*** Data for this task ***

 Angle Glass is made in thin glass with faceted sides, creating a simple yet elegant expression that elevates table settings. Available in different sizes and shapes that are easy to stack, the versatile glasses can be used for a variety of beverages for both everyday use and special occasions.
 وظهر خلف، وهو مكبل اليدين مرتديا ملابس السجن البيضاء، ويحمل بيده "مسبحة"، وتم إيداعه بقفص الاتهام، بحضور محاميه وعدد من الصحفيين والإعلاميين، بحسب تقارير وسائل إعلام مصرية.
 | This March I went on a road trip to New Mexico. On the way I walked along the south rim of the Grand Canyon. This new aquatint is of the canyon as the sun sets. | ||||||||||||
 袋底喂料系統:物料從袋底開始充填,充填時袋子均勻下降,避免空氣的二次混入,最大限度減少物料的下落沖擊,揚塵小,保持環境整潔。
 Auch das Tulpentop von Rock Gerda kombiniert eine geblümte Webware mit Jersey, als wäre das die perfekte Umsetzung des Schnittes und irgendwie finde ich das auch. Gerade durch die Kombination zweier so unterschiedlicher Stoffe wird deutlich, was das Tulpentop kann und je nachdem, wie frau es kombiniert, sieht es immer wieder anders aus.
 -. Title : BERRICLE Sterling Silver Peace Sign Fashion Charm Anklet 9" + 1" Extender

*** End of Data for this task ***
*** Data for this task ***

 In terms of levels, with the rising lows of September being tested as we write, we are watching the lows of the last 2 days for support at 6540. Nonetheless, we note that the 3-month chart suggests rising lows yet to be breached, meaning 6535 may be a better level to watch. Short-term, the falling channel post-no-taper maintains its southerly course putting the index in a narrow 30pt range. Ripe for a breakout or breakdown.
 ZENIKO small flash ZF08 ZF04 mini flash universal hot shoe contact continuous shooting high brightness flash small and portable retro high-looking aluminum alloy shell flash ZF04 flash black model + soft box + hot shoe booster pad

*** End of Data for this task ***
*** Data for this task ***

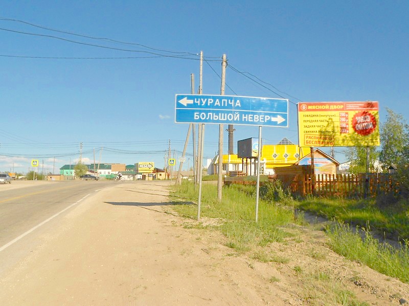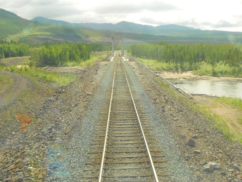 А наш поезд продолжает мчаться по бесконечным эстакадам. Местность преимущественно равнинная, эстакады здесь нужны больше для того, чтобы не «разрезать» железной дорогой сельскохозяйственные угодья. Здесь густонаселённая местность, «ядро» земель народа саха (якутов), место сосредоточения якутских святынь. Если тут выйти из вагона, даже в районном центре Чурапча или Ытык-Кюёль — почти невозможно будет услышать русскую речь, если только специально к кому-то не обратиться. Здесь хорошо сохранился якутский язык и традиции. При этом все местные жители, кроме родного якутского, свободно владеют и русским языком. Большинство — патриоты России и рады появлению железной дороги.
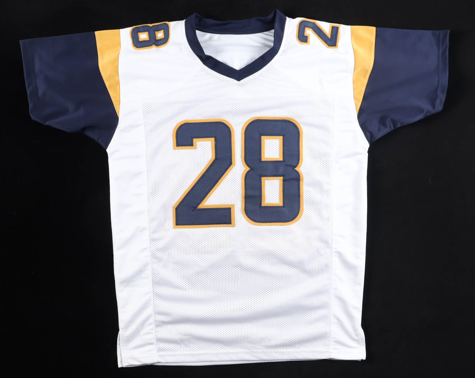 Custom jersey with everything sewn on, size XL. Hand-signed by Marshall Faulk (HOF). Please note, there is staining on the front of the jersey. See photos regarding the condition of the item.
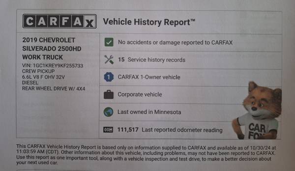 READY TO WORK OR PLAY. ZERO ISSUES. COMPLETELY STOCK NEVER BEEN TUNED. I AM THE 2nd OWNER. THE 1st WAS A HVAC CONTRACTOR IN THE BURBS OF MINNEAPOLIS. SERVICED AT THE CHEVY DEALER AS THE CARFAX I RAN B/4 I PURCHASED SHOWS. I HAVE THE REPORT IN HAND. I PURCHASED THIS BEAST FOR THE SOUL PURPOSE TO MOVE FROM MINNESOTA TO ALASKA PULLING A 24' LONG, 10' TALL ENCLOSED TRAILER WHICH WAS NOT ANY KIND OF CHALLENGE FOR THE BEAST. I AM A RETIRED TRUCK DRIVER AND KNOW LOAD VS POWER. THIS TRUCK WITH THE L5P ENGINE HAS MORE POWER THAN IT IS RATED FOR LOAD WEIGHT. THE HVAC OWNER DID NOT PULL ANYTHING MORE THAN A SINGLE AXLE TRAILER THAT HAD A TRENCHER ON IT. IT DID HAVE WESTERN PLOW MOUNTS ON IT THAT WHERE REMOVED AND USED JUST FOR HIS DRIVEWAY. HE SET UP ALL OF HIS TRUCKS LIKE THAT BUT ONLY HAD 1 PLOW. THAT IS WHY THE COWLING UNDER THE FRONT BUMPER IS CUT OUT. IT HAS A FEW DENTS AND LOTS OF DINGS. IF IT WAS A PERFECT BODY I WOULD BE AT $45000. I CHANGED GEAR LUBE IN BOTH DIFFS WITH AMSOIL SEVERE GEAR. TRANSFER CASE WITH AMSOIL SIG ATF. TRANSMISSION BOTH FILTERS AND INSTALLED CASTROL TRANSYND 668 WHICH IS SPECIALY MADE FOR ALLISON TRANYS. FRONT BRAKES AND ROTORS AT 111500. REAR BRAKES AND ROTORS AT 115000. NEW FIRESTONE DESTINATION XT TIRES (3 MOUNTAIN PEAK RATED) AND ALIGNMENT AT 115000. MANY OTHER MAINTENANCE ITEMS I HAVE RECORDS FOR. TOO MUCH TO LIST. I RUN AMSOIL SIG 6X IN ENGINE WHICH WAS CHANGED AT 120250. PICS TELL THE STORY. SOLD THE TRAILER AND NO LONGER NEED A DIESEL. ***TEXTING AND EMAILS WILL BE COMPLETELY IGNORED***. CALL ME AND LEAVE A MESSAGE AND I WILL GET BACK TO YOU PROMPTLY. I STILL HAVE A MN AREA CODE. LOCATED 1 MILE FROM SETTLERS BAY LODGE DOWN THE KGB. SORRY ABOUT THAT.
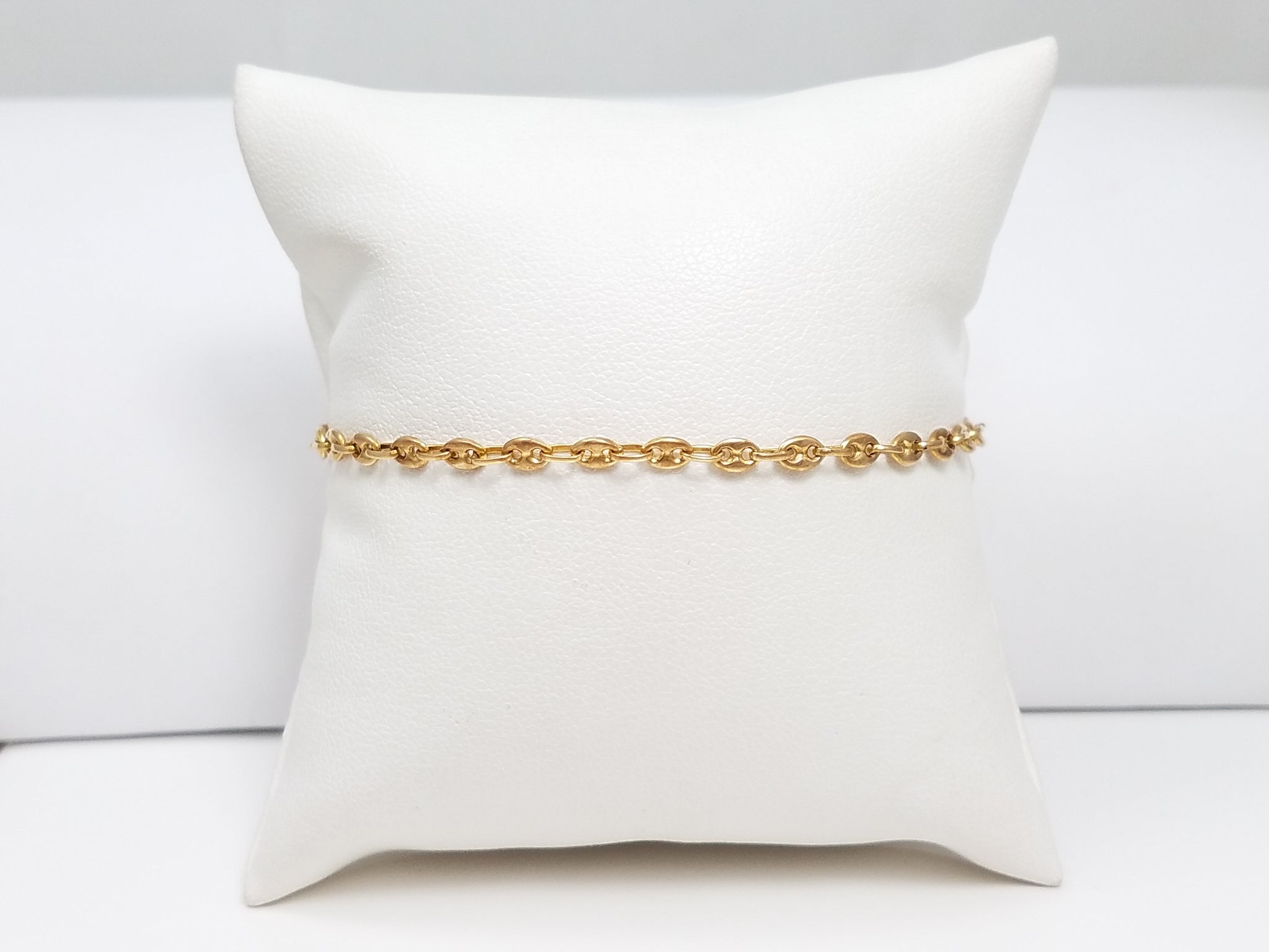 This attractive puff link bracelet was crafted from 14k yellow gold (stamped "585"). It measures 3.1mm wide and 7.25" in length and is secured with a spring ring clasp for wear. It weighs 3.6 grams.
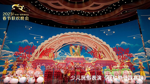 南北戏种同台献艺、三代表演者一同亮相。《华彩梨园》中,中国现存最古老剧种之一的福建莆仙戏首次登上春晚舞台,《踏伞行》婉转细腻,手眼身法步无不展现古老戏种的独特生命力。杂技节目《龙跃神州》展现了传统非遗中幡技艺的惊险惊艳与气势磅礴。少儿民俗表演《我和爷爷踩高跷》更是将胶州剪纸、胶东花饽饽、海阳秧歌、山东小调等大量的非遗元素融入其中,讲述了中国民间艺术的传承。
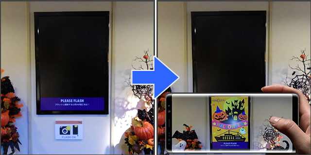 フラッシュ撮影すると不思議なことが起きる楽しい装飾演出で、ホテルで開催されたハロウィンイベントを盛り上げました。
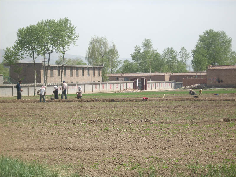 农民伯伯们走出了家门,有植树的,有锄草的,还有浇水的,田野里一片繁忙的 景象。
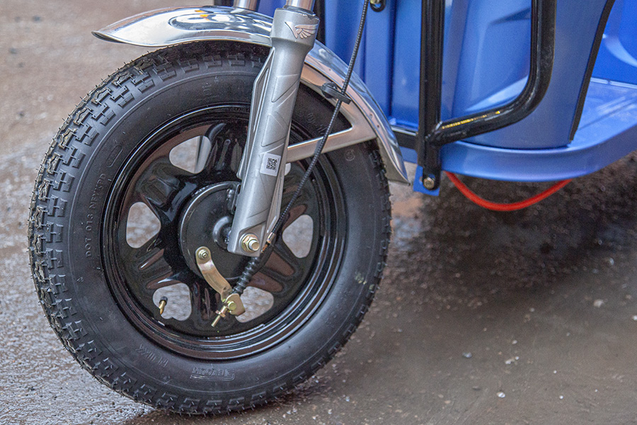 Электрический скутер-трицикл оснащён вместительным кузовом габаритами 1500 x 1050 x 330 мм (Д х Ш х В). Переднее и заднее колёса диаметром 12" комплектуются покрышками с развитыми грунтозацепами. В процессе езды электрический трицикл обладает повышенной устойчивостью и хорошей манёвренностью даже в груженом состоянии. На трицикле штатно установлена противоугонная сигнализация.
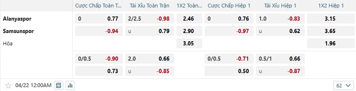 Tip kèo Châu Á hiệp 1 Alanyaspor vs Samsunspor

*** End of Data for this task ***

*Task item*: Above are the entries. Copy exactly the part that opens with the line containing "sun sets. | ||||||||||||" and closes with the line containing "袋底喂料系統:物料從袋底開始", and no more.

*Expected answer*:
 | This March I went on a road trip to New Mexico. On the way I walked along the south rim of the Grand Canyon. This new aquatint is of the canyon as the sun sets. | ||||||||||||
 袋底喂料系統:物料從袋底開始充填,充填時袋子均勻下降,避免空氣的二次混入,最大限度減少物料的下落沖擊,揚塵小,保持環境整潔。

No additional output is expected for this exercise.